By Rick Bogusch
This infamous, dreaded native can be found throughout eastern North America and also in Asia. Usually a vine, with the potential to climb 75 feet up a tree, it also grows as a trailing vine and ground cover. Vines attach themselves to tree trunks, wooden fences, masonry walls and other surfaces with numerous hairy aerial rootlets. Old vines can be 3 inches or more in diameter and heavily fringed on both sides with these rootlets. Horizontal fruiting branches, sometimes 5 feet or more long, emerge from the vine and are easily mistaken for tree branches.

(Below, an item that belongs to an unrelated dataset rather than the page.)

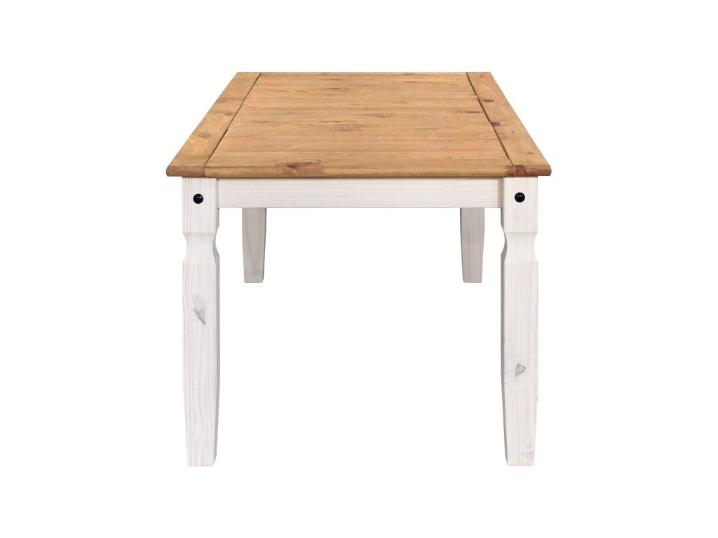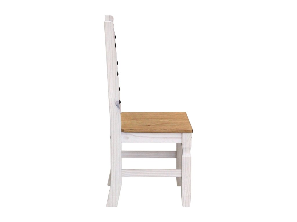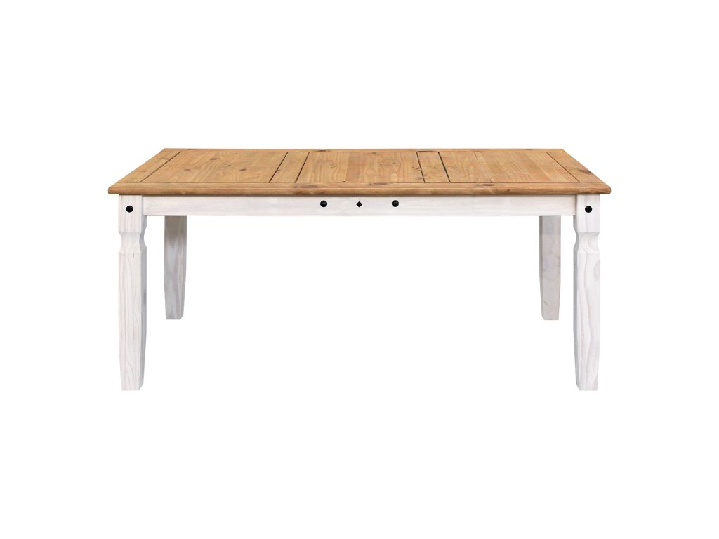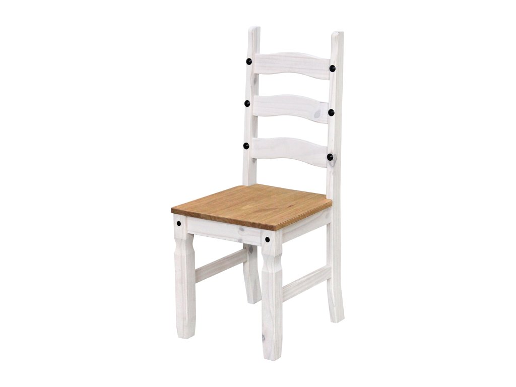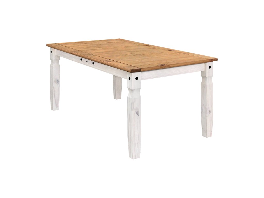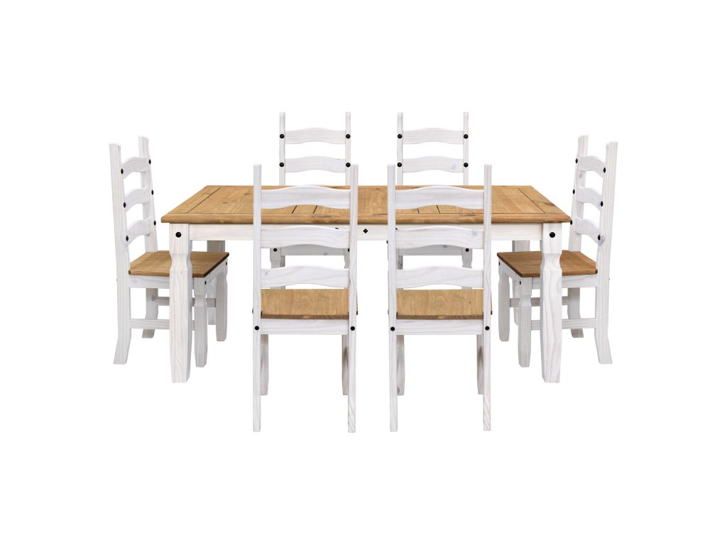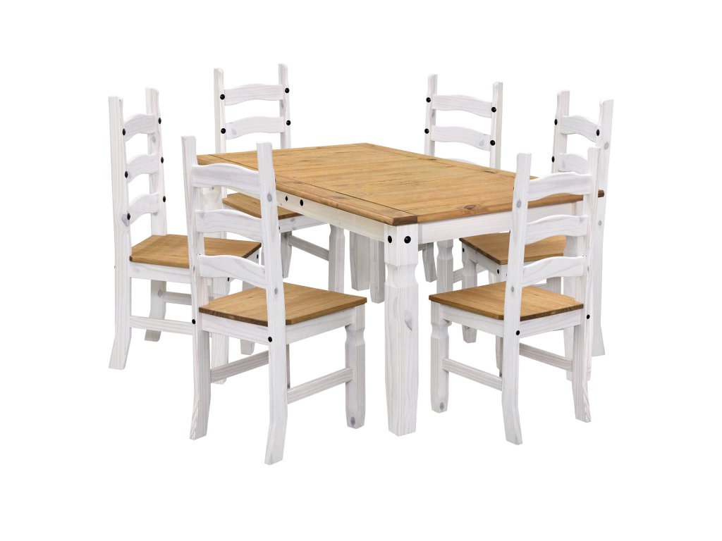 jídelní stůl 16110B a 6 jídelních židlí 160204B stůl i židle materiál masiv borovice voskovaná v bílém odstínu horní deska stolu i židle masiv borovice voskovaná v medovém odstínu výška sedu židle 46 cm rozměr stolu (š/h/v): 92 × 178 × 76 cm rozměr židle (š/h/v): 45 × 50 × 107 cm součást sestavy Corona bíláDoplňkové parametry

Best identified with this common adage “leaves of three, leave them be,” poison ivy leaves have 3 shiny, toothed leaflets and are a common means of identification, as are those aerial rootlets. In autumn, leaves turn a brilliant scarlet. Flowers bloom from May to July. Small and hidden by the leaves, they provide food for many species of bees, native and introduced. In late summer and autumn, they mature into clusters of grayish-white berries relished by birds and other wildlife.
Poison ivy is usually found growing along woodland edges and in fields adjacent to woods. It is more common now than before colonization of North America began. Developed locations next to undeveloped land created the favorable “edge” conditions preferred by poison ivy and allowed it to spread far and wide, especially in the suburban areas of southern New England, the Mid-Atlantic and the Southeast.
As climate changes, poison ivy is expanding its range into areas with cold winter temperatures, like central New York. At the same time, it is also producing more of its toxic element, urushiol, and becoming more potent. Exposure to this chemical is the cause of the itching and the serious, sometimes painful rashes most of us have experienced. Research has shown that urushiol production has been stimulated by increased amounts of carbon dioxide in the atmosphere and has doubled since the 1960’s.
Poison ivy is tough to eradicate and control, especially without use of herbicides. After donning layers of disposable gloves and protective clothing, you can easily pull or dig young plants. Cut older vines at the base and remove the top 8-10 inches of roots. Most important, never burn poison ivy, as the smoke is a powerful, dangerous irritant of the throat and lungs. Dispose of vines on brush piles, not compost piles, or in trash bags.